* _Available data_
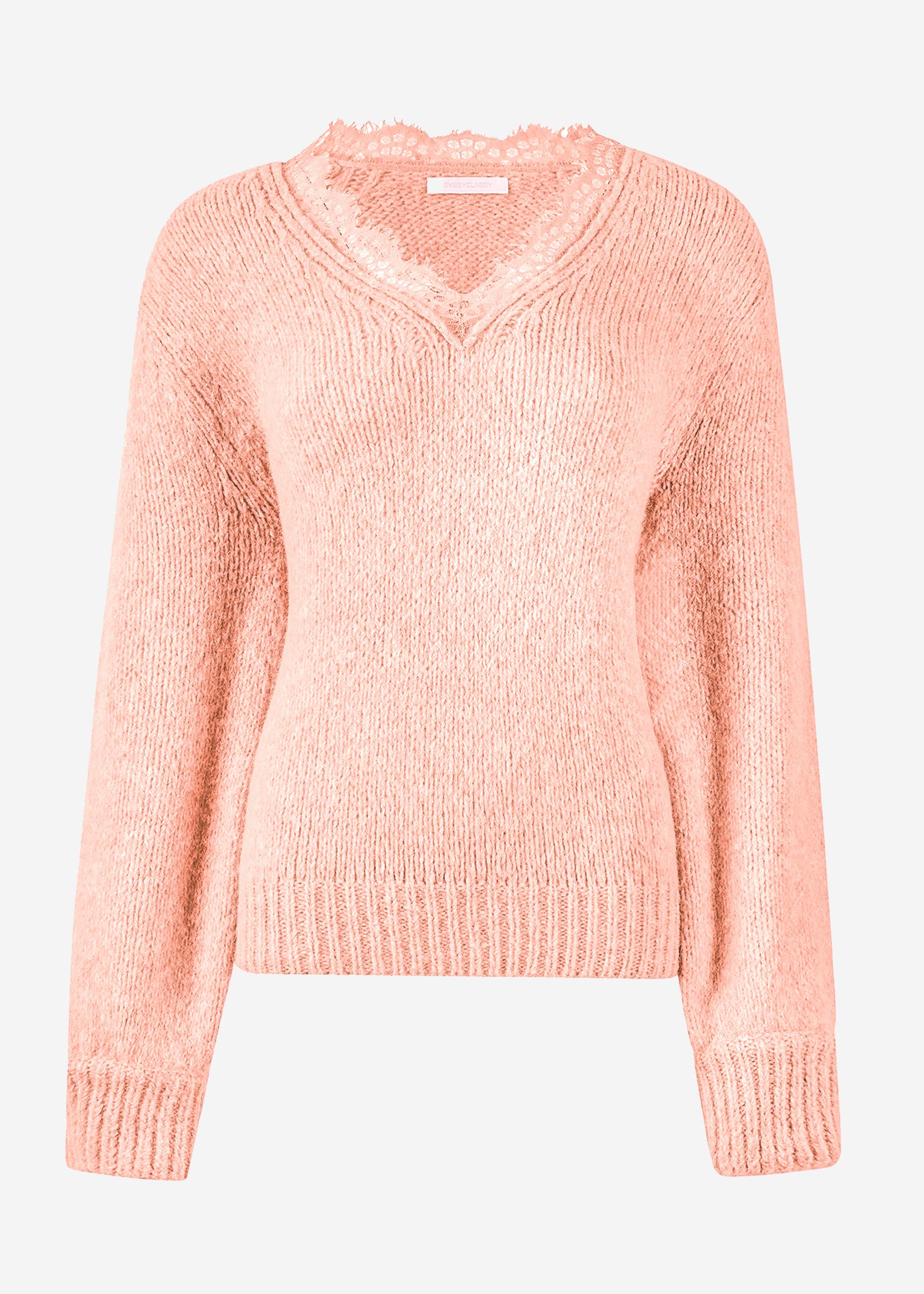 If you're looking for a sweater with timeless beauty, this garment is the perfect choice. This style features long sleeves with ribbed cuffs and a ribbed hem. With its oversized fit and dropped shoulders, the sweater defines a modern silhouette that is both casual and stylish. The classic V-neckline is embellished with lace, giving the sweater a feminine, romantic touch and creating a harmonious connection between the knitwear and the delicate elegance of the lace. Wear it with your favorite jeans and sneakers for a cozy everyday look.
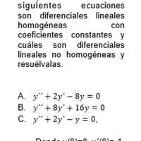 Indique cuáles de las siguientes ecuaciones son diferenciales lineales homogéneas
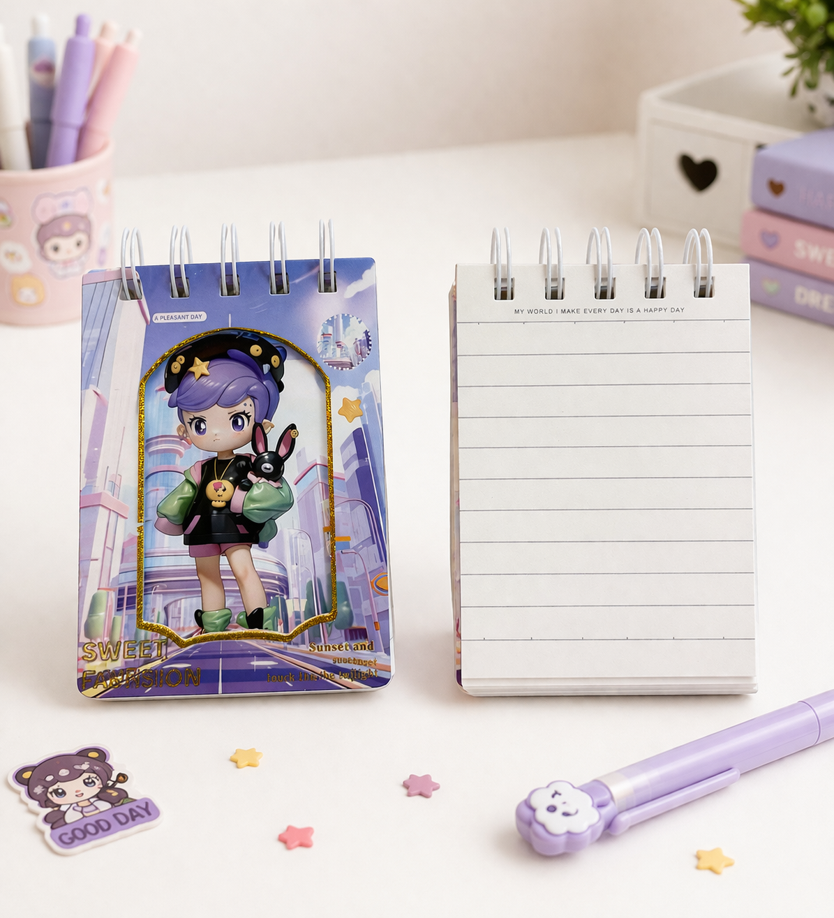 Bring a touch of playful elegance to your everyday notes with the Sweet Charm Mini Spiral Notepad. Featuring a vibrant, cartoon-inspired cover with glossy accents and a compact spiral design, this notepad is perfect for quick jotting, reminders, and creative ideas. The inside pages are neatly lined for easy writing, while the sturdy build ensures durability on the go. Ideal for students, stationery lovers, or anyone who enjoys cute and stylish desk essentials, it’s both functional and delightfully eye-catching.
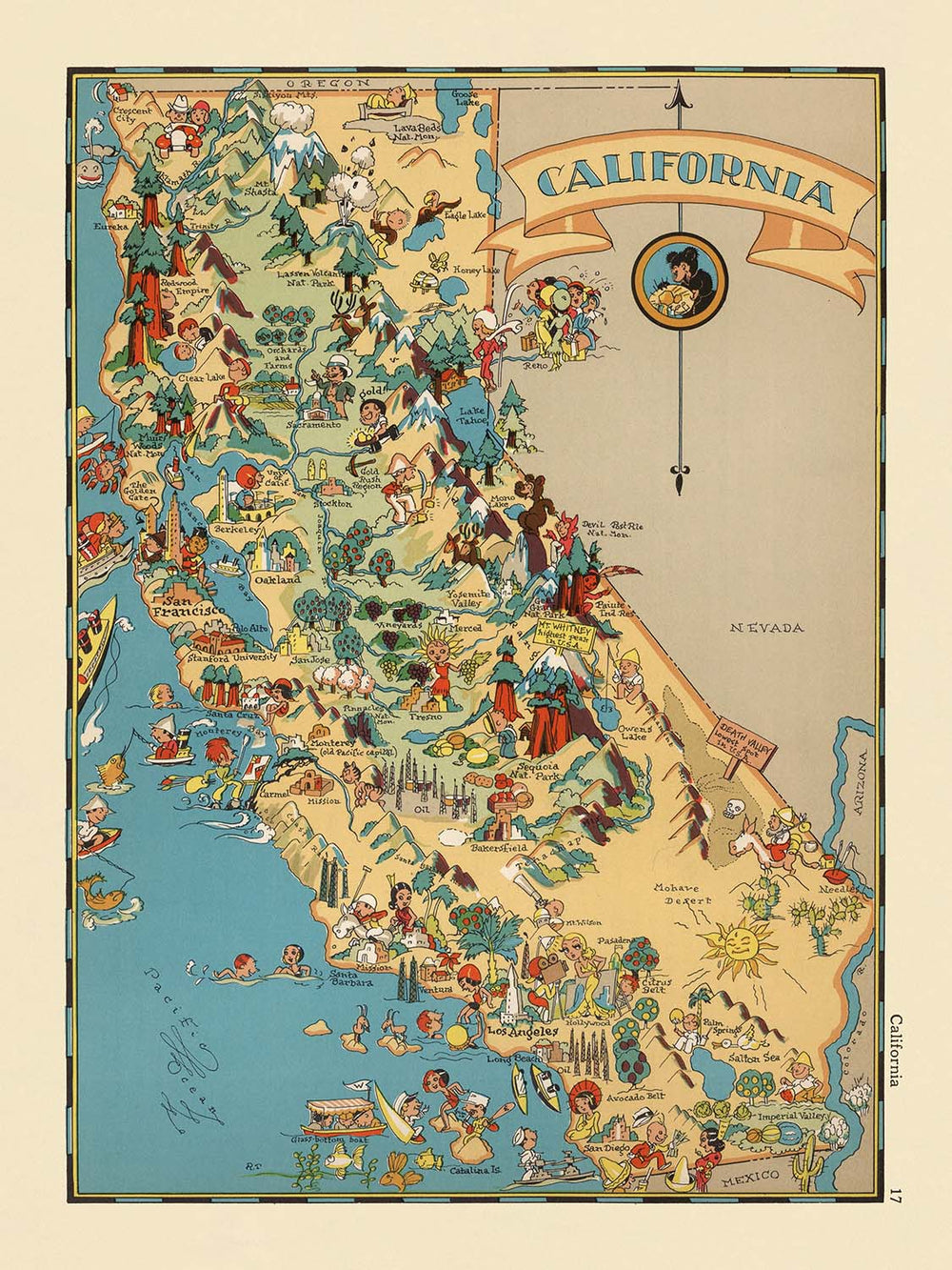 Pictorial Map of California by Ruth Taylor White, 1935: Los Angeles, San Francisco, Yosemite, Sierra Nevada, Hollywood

* _What is needed_
Exactly reproduce the lines that run from the first line of the listing above to the line containing "Indique cuáles de", including both; omit the pictures.

* _Problem solution_
 If you're looking for a sweater with timeless beauty, this garment is the perfect choice. This style features long sleeves with ribbed cuffs and a ribbed hem. With its oversized fit and dropped shoulders, the sweater defines a modern silhouette that is both casual and stylish. The classic V-neckline is embellished with lace, giving the sweater a feminine, romantic touch and creating a harmonious connection between the knitwear and the delicate elegance of the lace. Wear it with your favorite jeans and sneakers for a cozy everyday look.
 Indique cuáles de las siguientes ecuaciones son diferenciales lineales homogéneas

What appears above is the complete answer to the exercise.